First find the line with "Pets not allowedNot", then reproduce it and all following lines of the data to the end, exactly and with no pictures, adding nothing.

- **Dataset excerpt**
━━━

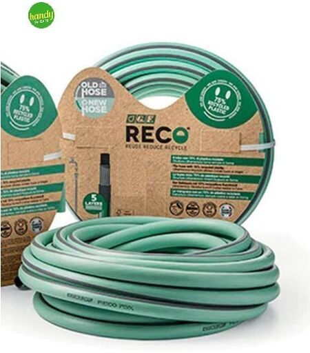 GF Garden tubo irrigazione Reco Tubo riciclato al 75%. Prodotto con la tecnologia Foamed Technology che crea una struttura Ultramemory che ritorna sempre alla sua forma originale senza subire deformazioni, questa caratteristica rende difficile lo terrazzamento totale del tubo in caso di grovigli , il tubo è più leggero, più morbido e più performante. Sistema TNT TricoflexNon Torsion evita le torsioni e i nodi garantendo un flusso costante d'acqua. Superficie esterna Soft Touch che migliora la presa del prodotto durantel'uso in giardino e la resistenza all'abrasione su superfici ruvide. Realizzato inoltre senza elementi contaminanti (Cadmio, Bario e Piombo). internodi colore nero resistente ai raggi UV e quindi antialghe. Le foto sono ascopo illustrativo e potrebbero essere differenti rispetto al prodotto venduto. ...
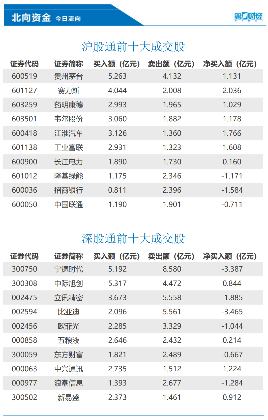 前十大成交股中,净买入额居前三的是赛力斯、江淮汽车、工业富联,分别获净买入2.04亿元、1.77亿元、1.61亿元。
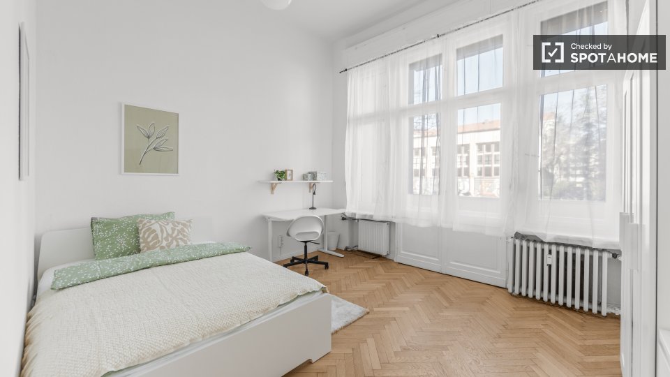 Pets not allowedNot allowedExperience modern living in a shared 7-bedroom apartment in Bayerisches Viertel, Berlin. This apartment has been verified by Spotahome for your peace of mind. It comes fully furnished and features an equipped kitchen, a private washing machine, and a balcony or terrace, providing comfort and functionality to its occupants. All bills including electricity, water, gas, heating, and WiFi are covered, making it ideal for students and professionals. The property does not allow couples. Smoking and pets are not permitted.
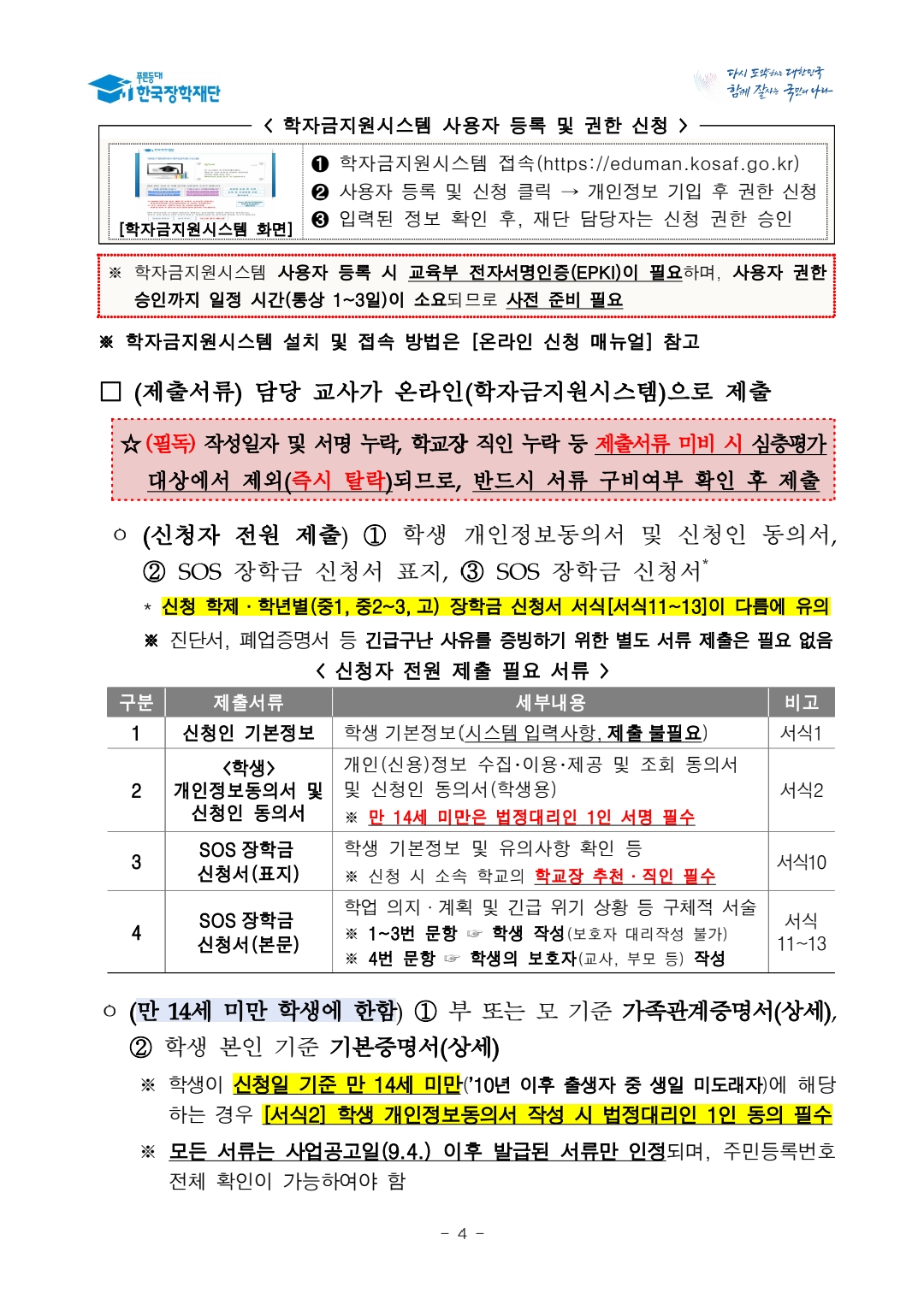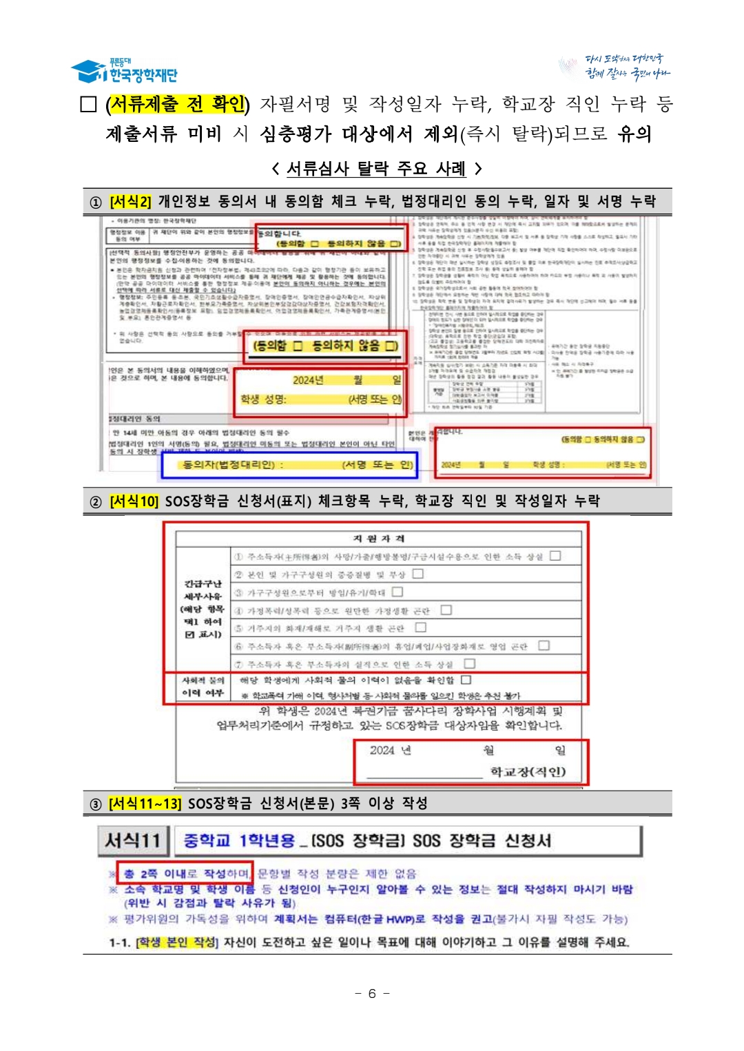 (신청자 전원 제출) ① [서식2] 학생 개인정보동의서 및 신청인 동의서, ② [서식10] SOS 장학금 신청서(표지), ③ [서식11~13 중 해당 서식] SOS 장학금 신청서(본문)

━━━

- **Reply to the task**
 Pets not allowedNot allowedExperience modern living in a shared 7-bedroom apartment in Bayerisches Viertel, Berlin. This apartment has been verified by Spotahome for your peace of mind. It comes fully furnished and features an equipped kitchen, a private washing machine, and a balcony or terrace, providing comfort and functionality to its occupants. All bills including electricity, water, gas, heating, and WiFi are covered, making it ideal for students and professionals. The property does not allow couples. Smoking and pets are not permitted.
 (신청자 전원 제출) ① [서식2] 학생 개인정보동의서 및 신청인 동의서, ② [서식10] SOS 장학금 신청서(표지), ③ [서식11~13 중 해당 서식] SOS 장학금 신청서(본문)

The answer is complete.